For Prague bachelor and bachelorette weekends Buddha-Bar Hotel is the city's reigning Old Town answer. The DJ programme Wednesday through Saturday, the basilica-side address that does not require a taxi to anywhere in central Prague, the Suites large enough for group pre-drinks, the late-night kitchen running at the bar to 1 AM. The hotel arranges private tables with bottle service for groups of six and up.
A Prague anniversary at Buddha-Bar Hotel is the answer for couples who would rather book somewhere with energy than another stately period palace. Buddha Bar Suite for the milestone year — top-floor split-level with the basilica view; the restaurant downstairs handles the dinner; the spa programme runs couples' Asian rituals to the music heritage of the brand.

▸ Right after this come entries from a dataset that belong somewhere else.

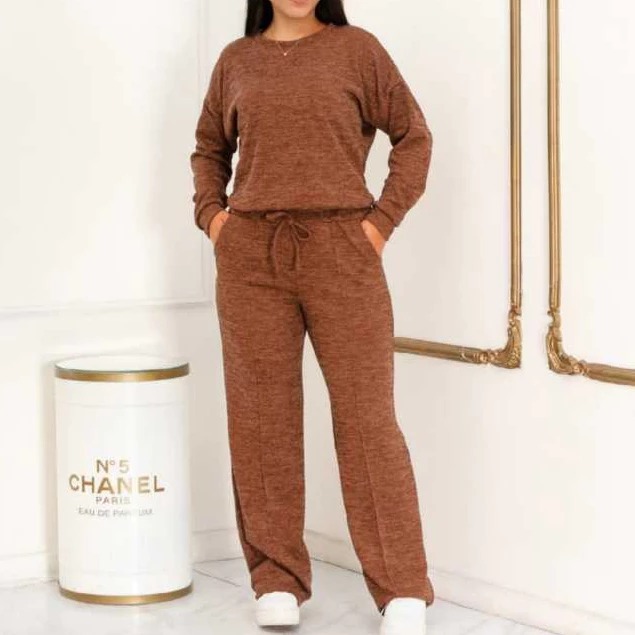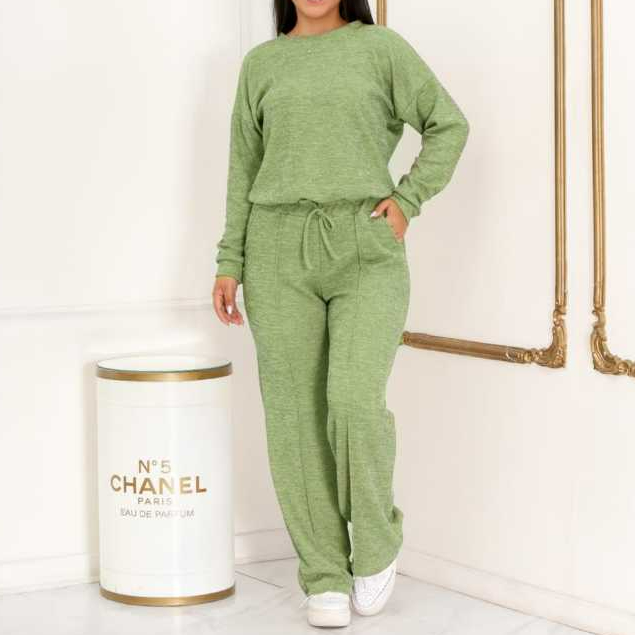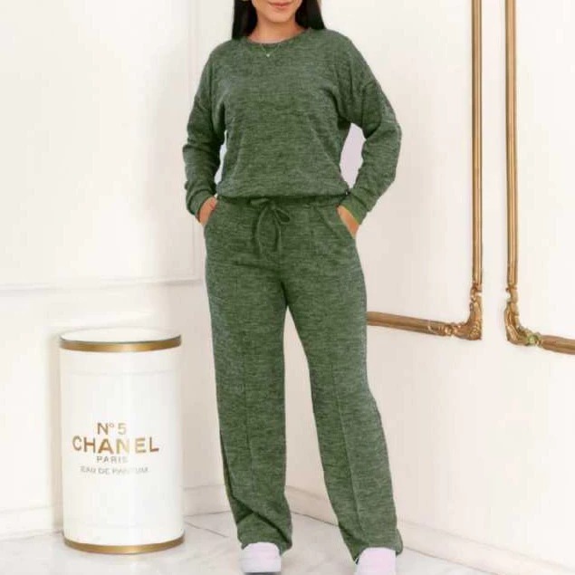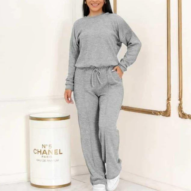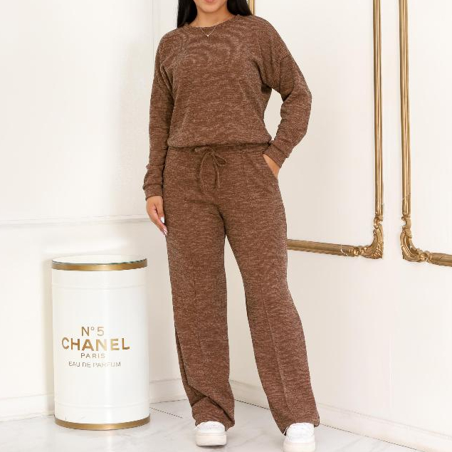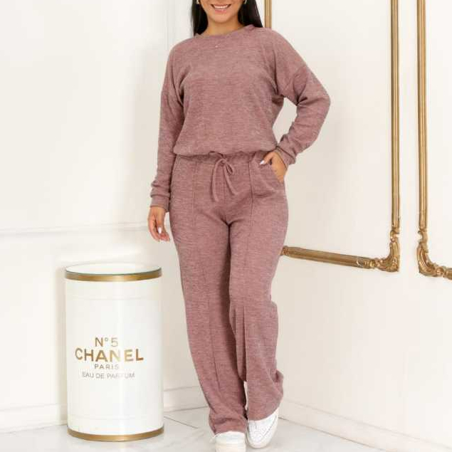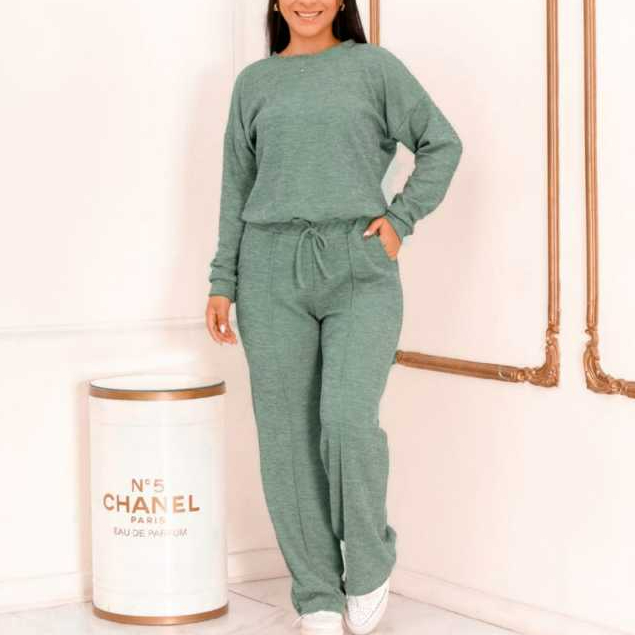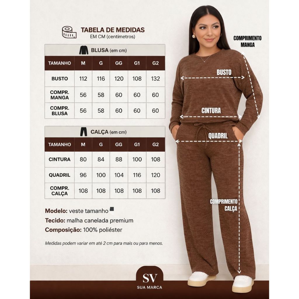 Conjunto Femenino Lanzinha Ribi canelada 2 Peças Blusa e Pantalona plus size
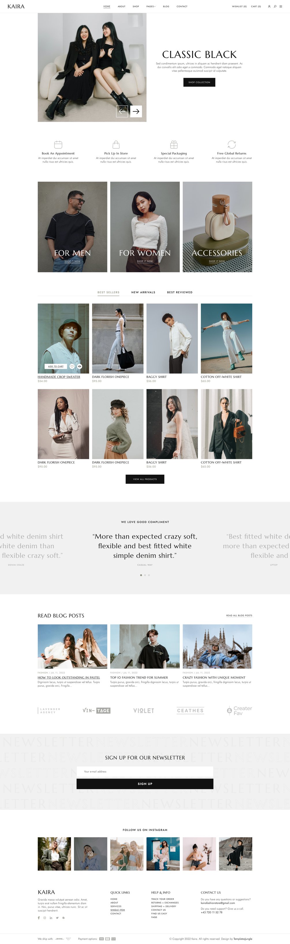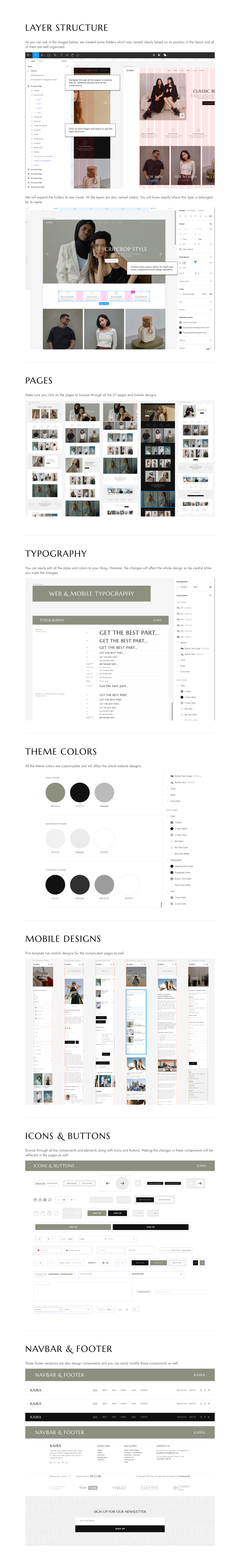 Kaira fashion store Figma template also includes well-organized layers and groups, making it simple to navigate and customize. And, with the template being compatible with desktop and mobile devices, you can ensure that your website will look great on any device.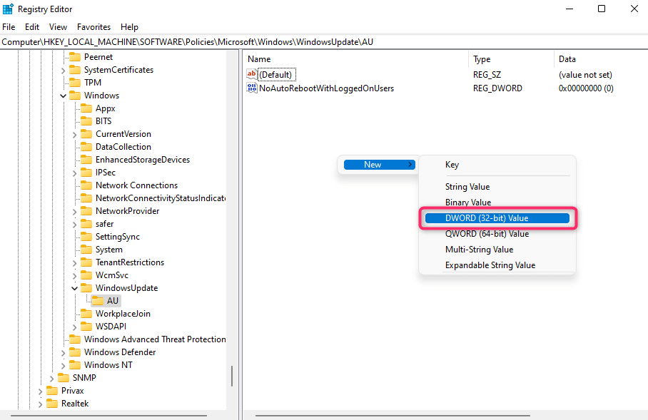 - Select the AU key, right-click in the whitespace in the right pane, and select **New **> **DWORD****Value**. Name the value **AUOptions**.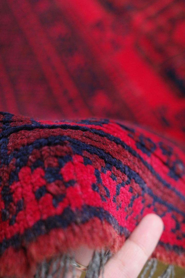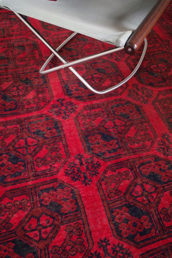 アフガニスタン産高品質ウール100%。全体的に経年による美しい擦れ、色滲みが広がっております。肉厚でサラサラとした手触りはとても心地よく、柔らかな触り心地です。ペルシャ絨毯やバルーチラグとはまた違う、アフガンラグ独特な雰囲気を持っています。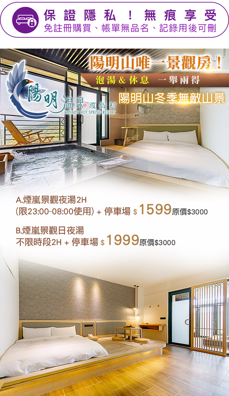 ★ 陽明山唯一景觀房,給您前所未有的愜意享受~泡湯與休息,一舉兩得!

The Old Town walk back from dinner is the second proposition.
For solo travellers who want a Prague city break with a cooked-in atmosphere rather than ten dinner reservations to make, Buddha-Bar works. The hotel-internal restaurant and bar programme means the property functions as the destination; the spa is calibrated for individual rituals; the Old Town location means every cultural site is within a fifteen-minute walk. The lobby café is a comfortable place to read; the bar is comfortable for one at any hour.
Jakubská 649/8
110 00 Prague 1
Czech Republic
Old Town Square 90 sec; Astronomical Clock 2 min; Charles Bridge 4 min walk; Náměstí Republiky metro 3 min walk
39 rooms (incl. 12 suites)
Karma Rooms from CZK 7,800/night
Mantra Suites from CZK 12,500/night
Nirvana Suites from CZK 18,000/night
Buddha Bar Suite from CZK 32,000/night
Check-in: 3:00 PM
Check-out: 12:00 PM
Opened October 2009; Eastwest Hospitality franchise; first Buddha-Bar Hotel globally
Buddha-Bar Restaurant (Pan-Asian)
Siddharta Café (all-day)
DJ programme Wed-Sat to 2am
350 sqm Buddha-Bar Spa
10m indoor pool
Heavy soundproofed rooms
From CZK 7,800/night (approximately €315). The Buddha Bar Suite books two months ahead for spring and autumn weekends; six months for New Year's Eve and the December Christmas Markets period. The restaurant takes reservations 30 days ahead.